To solve the problem, we will use the given Fourier Transform (FT) of the triangular pulse $f(t)$ in Fig. (a) and apply time-shifting properties for the other figures (b), (c), and (d).

The FT of the triangular pulse $f(t)$ in Fig. (a) is given as: $F(\omega) = \frac{1}{\omega^2} \left( e^{j\omega} - j\omega e^{j\omega} - 1 \right)$

Step 1: Time-Shifting Property of Fourier Transform

If $f(t)$ has the Fourier Transform $F(\omega)$, then the time-shifted signal $f(t - t_0)$ has the Fourier Transform: $F(\omega) e^{-j\omega t_0}$

Here:

• $t_0$ is the amount of shift in time.

Step 2: Solving for Figures

(b): Fig. (b) - $f_b(t)$

• In Fig. (b), the triangular pulse is shifted to the right by $t_0 = 1$.
• Using the time-shifting property: $F_b(\omega) = F(\omega) \cdot e^{-j\omega}$

(c): Fig. (c) - $f_c(t)$

• In Fig. (c), the triangular pulse consists of two shifted pulses:
  • One shifted to the left by $t_0 = -1$
  • One shifted to the right by $t_0 = 1$
• The signal can be expressed as: $f_c(t) = f(t + 1) + f(t - 1)$
• Using the time-shifting property, the FT of $f_c(t)$ is: $F_c(\omega) = F(\omega) e^{j\omega} + F(\omega) e^{-j\omega}$
• Simplify: $F_c(\omega) = F(\omega) \left( e^{j\omega} + e^{-j\omega} \right)$
• Using Euler's formula $e^{j\omega} + e^{-j\omega} = 2\cos(\omega)$, we get: $F_c(\omega) = 2F(\omega) \cos(\omega)$

(d): Fig. (d) - $f_d(t)$

• In Fig. (d), the triangular pulse is shifted to the left by $t_0 = -1$.
• Using the time-shifting property: $F_d(\omega) = F(\omega) e^{j\omega}$

Final Results

The Fourier Transforms for the given signals are:

1. Fig. (b): $F_b(\omega) = F(\omega) e^{-j\omega}$
2. Fig. (c): $F_c(\omega) = 2F(\omega) \cos(\omega)$
3. Fig. (d): $F_d(\omega) = F(\omega) e^{j\omega}$

Let me know if you would like a more detailed explanation or any clarification!

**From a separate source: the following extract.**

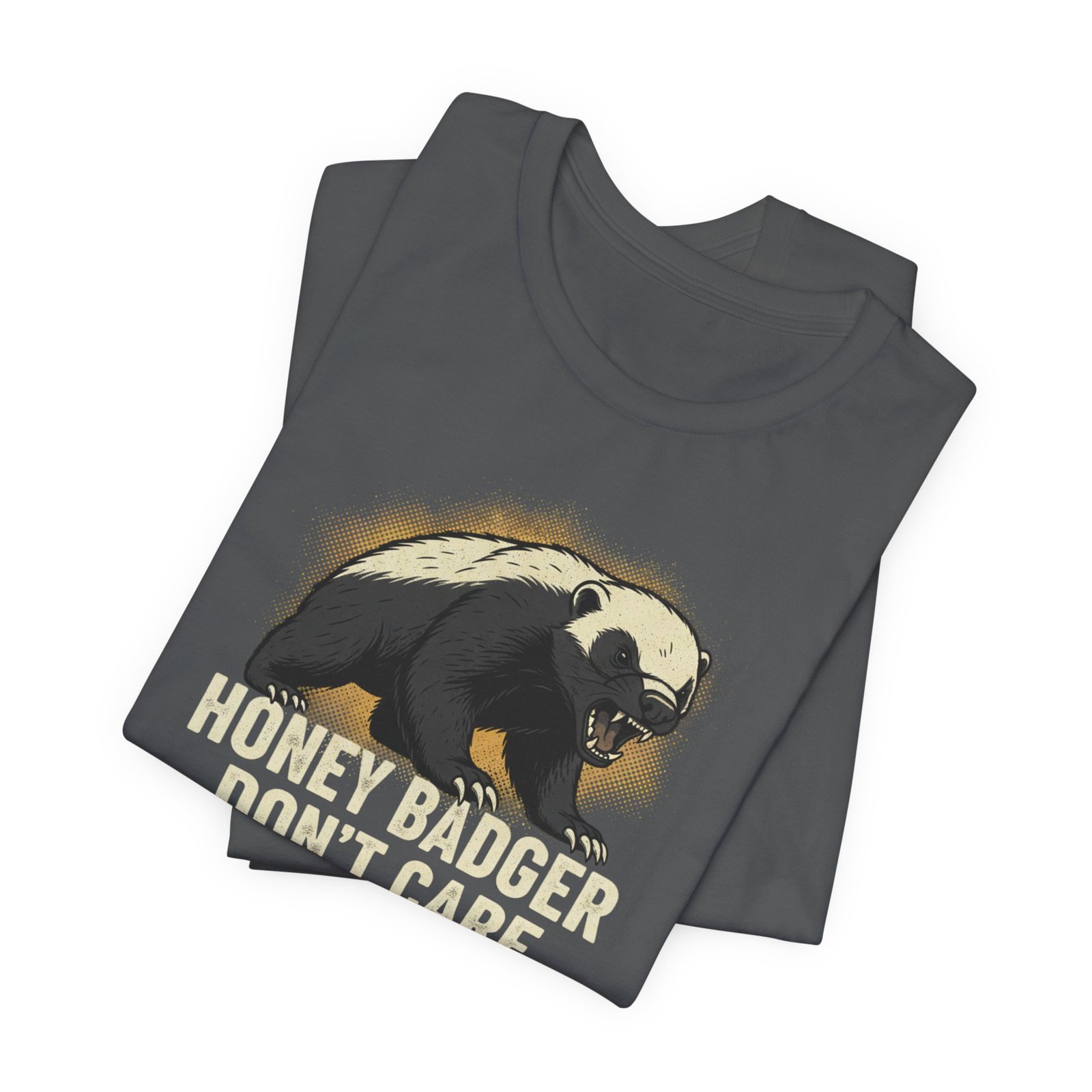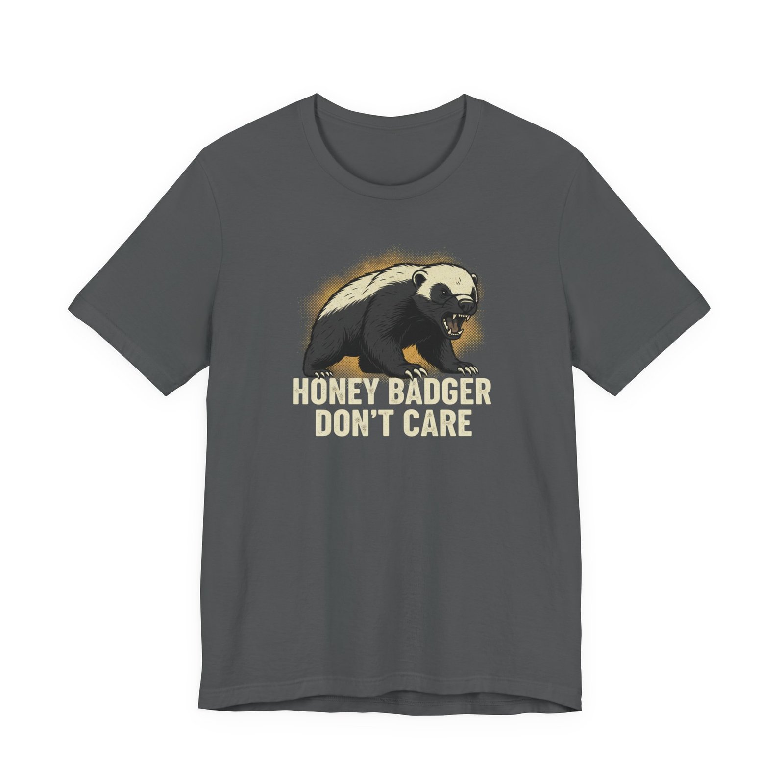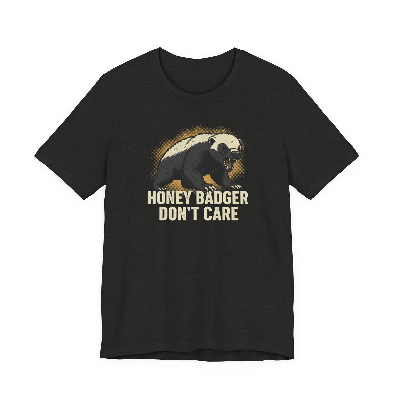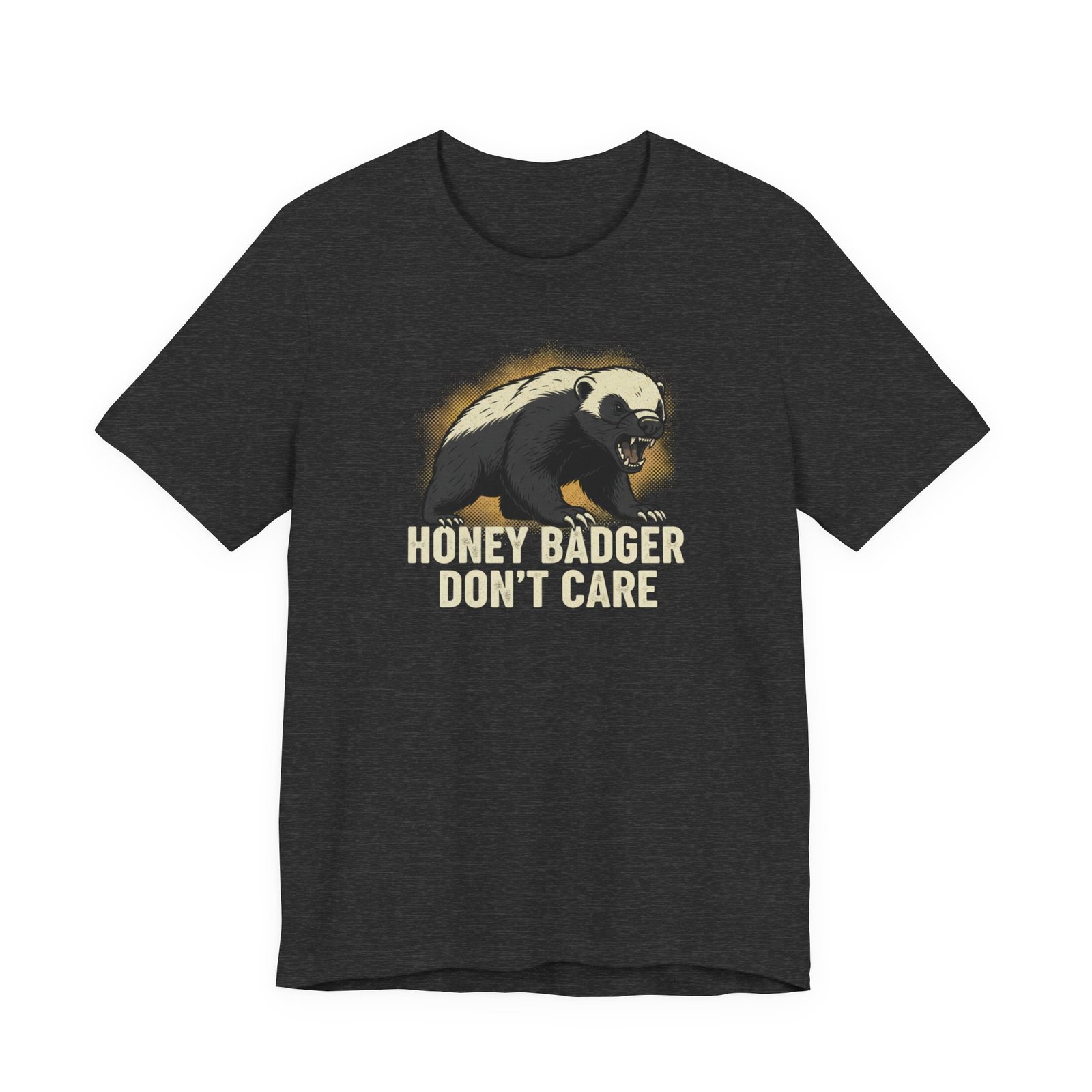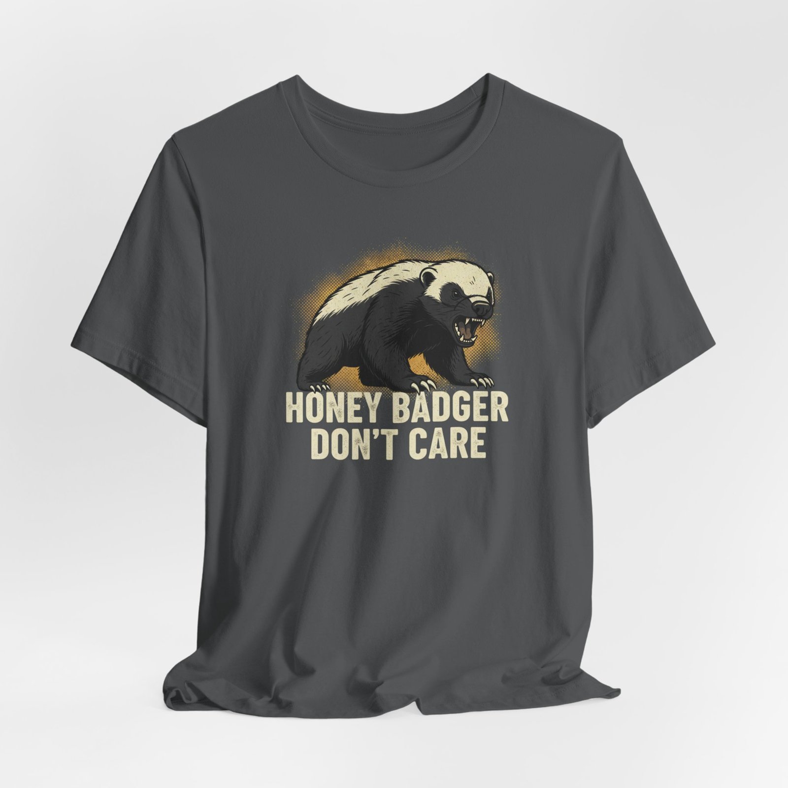 Slip into a tee that speaks in short, honest sentences. This lightweight cotton shirt carries a bold honey badger illustration and the blunt line “HONEY BADGER DON’T CARE” — a quiet badge for people who favor stubborn humor over small talk. It drapes easily for errands, hikes, or late-night hangouts, and the crew neck keeps the silhouette clean so the artwork stays the focus. Wear it when you want your attitude stated without fuss: rugged, a little cheeky, and built to last through the wash and the weekend.

Here are 5 related questions to expand your understanding:

1. What is the Fourier Transform of a shifted rectangular pulse?
2. How does the time-scaling property of FT affect a signal?
3. What happens to the FT if the triangular pulse is scaled in amplitude?
4. How can we use convolution properties to solve FTs of composite signals?
5. How does the phase shift appear in the FT when time-shifting is applied?

Tip: The time-shifting property of Fourier Transform introduces a phase factor $e^{-j\omega t_0}$, which affects only the phase, not the magnitude.